WORK REQUIRED: Write out, without any change, the lines in the material below that run from the line with "Recognizing the need" through the line with "shield airbag assembly.", both included.
-*-*-
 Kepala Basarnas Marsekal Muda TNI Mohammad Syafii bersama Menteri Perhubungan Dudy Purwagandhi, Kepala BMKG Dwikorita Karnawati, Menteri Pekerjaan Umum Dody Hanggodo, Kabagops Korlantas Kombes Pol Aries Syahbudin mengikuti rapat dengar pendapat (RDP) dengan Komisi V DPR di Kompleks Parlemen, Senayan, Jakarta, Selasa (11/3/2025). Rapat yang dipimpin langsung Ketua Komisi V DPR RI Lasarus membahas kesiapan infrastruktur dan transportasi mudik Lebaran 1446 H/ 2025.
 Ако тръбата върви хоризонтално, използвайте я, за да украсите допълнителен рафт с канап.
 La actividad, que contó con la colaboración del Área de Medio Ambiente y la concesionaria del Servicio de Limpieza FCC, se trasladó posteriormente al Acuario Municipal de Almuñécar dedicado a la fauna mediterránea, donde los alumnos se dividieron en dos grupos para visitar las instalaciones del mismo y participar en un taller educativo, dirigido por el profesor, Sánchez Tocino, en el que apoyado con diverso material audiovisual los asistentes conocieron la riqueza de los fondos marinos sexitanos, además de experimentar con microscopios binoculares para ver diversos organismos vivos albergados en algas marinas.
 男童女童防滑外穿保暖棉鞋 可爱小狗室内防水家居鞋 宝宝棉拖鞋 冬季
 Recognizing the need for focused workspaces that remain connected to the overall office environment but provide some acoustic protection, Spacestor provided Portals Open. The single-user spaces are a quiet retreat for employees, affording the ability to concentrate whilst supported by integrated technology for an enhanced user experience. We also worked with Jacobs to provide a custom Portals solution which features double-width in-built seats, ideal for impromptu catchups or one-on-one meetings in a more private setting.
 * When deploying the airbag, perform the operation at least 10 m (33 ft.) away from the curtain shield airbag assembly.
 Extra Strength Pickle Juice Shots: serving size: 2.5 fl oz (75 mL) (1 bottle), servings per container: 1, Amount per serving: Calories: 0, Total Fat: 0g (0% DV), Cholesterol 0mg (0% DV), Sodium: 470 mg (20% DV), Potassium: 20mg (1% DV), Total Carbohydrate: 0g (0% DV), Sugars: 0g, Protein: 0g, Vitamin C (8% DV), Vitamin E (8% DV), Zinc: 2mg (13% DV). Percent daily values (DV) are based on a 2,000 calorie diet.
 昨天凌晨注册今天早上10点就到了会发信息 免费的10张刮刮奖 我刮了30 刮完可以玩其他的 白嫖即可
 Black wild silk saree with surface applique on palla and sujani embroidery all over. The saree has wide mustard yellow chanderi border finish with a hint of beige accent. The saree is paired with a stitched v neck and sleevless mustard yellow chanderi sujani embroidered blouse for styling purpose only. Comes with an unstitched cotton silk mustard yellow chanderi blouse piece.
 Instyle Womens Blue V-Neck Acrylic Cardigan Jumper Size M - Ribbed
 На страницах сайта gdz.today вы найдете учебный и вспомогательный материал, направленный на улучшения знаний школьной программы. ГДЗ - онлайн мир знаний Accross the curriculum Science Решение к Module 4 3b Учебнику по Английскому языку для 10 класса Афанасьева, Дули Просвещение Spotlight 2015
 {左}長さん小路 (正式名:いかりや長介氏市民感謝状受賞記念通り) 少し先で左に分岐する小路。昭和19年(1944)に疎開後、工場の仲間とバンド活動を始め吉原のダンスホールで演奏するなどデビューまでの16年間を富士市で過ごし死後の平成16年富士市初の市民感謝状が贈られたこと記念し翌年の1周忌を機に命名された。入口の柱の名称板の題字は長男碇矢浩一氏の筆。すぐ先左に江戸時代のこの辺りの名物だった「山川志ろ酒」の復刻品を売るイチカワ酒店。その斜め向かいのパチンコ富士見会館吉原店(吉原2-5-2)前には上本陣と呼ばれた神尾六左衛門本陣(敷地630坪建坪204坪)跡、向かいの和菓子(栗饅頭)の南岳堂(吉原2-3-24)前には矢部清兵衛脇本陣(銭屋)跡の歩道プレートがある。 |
-*-*-
EXERCISE OUTPUT:
 Recognizing the need for focused workspaces that remain connected to the overall office environment but provide some acoustic protection, Spacestor provided Portals Open. The single-user spaces are a quiet retreat for employees, affording the ability to concentrate whilst supported by integrated technology for an enhanced user experience. We also worked with Jacobs to provide a custom Portals solution which features double-width in-built seats, ideal for impromptu catchups or one-on-one meetings in a more private setting.
 * When deploying the airbag, perform the operation at least 10 m (33 ft.) away from the curtain shield airbag assembly.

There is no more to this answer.